Italy and Champagne in particular have had exceptional years – a breakout year in Italy’s case – their sub-indices on the Fine Wine 1000 up 6.7% and 8.2% respectively, while Giacomo Conterno’s 2013 Barolo Monfortino Riserva was the most traded wine by value this year.
The fact that both were exempted from the US tariffs undoubtedly helped – both regions have seen their share of trade in the US rise this year – demand has been strong in other markets too with the release of celebrated vintages in Champagne (2008 and 2012), Piedmont (2016) and Tuscany (2015) all driving trade.
As has been reported previously, US wines have enjoyed a stellar year, its share of trade by value rising to 7% when it was just 0.1% a decade ago, with UK buyers in particular buying into Californian wines that are increasingly being exported beyond estates’ mailing lists, and the Rhône has started making gains after years labouring in the shadow of its larger French counterparts – Bordeaux and Burgundy.
Burgundy in particular has had an up-and-down year. Interest has “waned” said Liv-ex as greater numbers of buyers have found themselves incapable of either being able to pay for or even find many of the region’s top names.
Buying has therefore – again a pattern that began in previous years – increasingly spilled over into “more affordable second and third tier growers”, which is affecting the price performance of the category leaders.
This affected Burgundy’s share of trade by value (although volumes remain steady) and the Burgundy 150 was one of the few Fine Wine 1000 sub-indices to finish the year in the red (-1.2%).
It’s not the end of Burgundy at all, indeed it might possibly be described as a new beginning with the market finding its way around new sets of desirable wines and domains it wishes to follow.
Looking forward into 2021 Liv-ex suggested that while others may write off 2020 as the “year that wasn’t”, this wasn’t true at all for fine wine.

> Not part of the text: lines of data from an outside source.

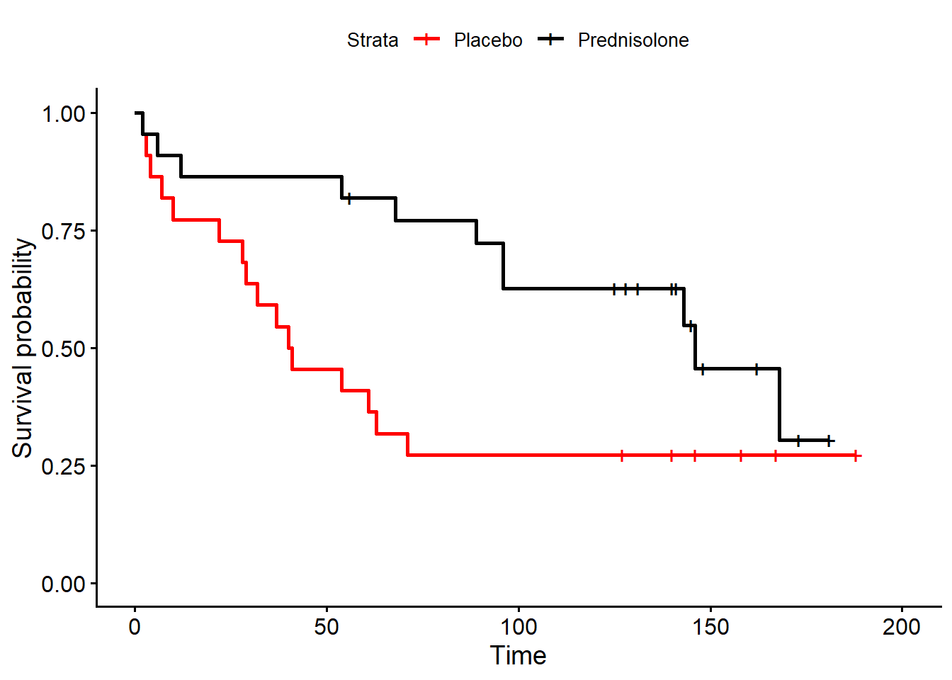 Kirk et al. (1980) reported findings from a trial of prednisolone in \(44\) patients with chronic active hepatitis, randomised to either receiving prednisolone (\(n=22\)) or placebo (\(n=22\)), with the outcome of interest being survival time (time until death). The survival times (in months) of the two groups of patients are given below, with associated censoring times.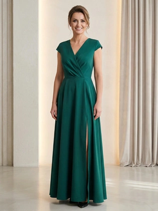 Sukienka damska maxi z kopertowym dekoltem – butelkowa zieleń, rozkloszowana elegancka sukienka na wesele i studniówkę 18619
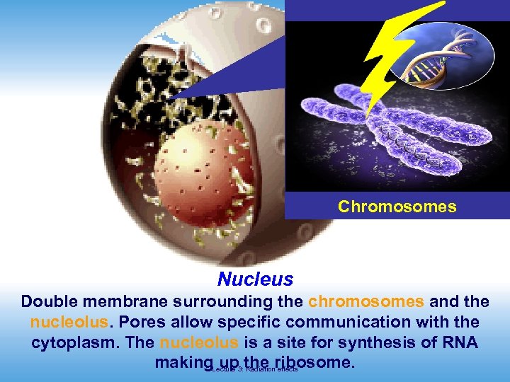 International Atomic Energy Agency Chromosomes Nucleus Double membrane surrounding the chromosomes and the nucleolus. Pores allow specific communication with the cytoplasm. The nucleolus is a site for synthesis of RNA making. Lecture 3: the ribosome. up Radiation effects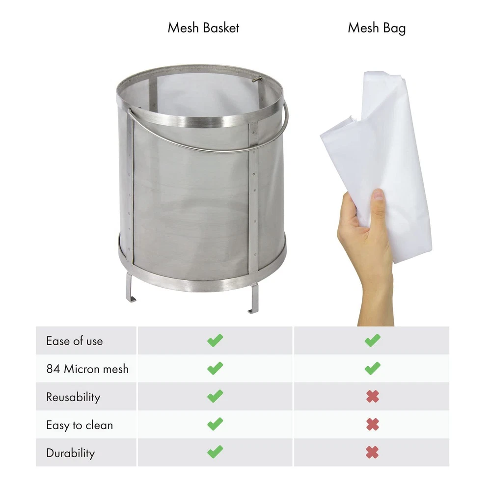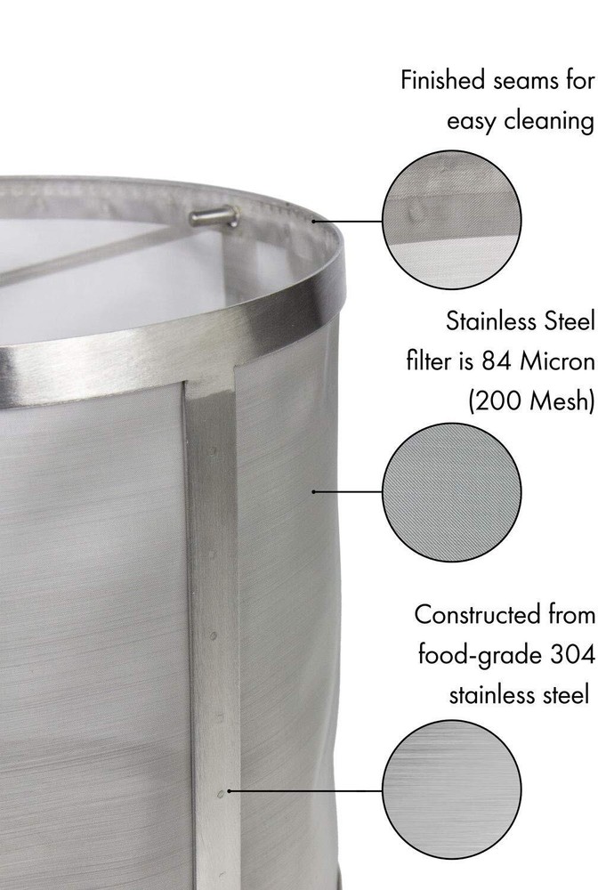 Thanks to XMB-8 Cold brew Coffee filter basket, it is now easier than ever to start a new cold-brew Coffee business or add a new beverage option for guests and customers. Perfect for use with Stainless Steel brew kettles or your own stock pot, This brew basket is the easiest way to make a 6 gallon batch of Coffee. This durable 84 micron, 200 mesh Stainless Steel Coffee filter has been constructed from 304 grade Stainless Steel with clean seams and spot-welding for easy cleaning and sanitation, ensuring that your cold-brew Coffee will be as healthy as it is delicious. The convenient handle makes it easy to take the filter out of the pot When you're done brewing, and it can be easily removed to make clean-up a snap. Four sturdy Stainless Steel feet create space at the bottom of the pot for drainage. 's XMB-8 Cold-Brew Coffee Filter is the easiest way to brew a large 6 gallon batch of coffee Durable, food-grade 304 stainless steel construction is resistant to oxidation and corrosion Fine 84 micron, 200 mesh design offers the same level of filtration as a standard coffee filter Features a removable handle and clean seams that make cleaning and sanitation fast and simple Four sturdy stainless steel feet create space at the bottom of the pot for drainage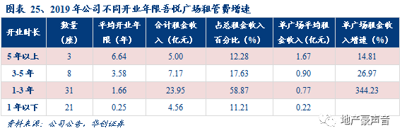 2019年,公司开业5年以上3座吾悦广场合计租管费收入5亿元,平均单座租管费收入1.67亿元,同比增幅15%;开业3-5年的项目8座,平均单座租管费收入0.9亿元,同比+27%;开业时间1-3年的广场31座,平均单座租管费收入0.77亿元,平均增幅达344%。

The robustness of the fine wine market and developments within it suggest otherwise,” it concluded.
“The wine industry showed remarkable resilience despite the headwinds. The fine wine market continued to offer steady returns and low volatility, to broaden, diversify and grow. All Liv-ex indices rose and trade by value touched a ten-year high in November. The market saw a record number and volume of trades.”
Having started the year with great expectations – which only went lower as 2020 initially progressed – the fine wine market is ending the year in a much brighter spot than it can ever reasonably have hoped to be and, with luck, that confidence in the market’s potential can be maintained and carry on into next year.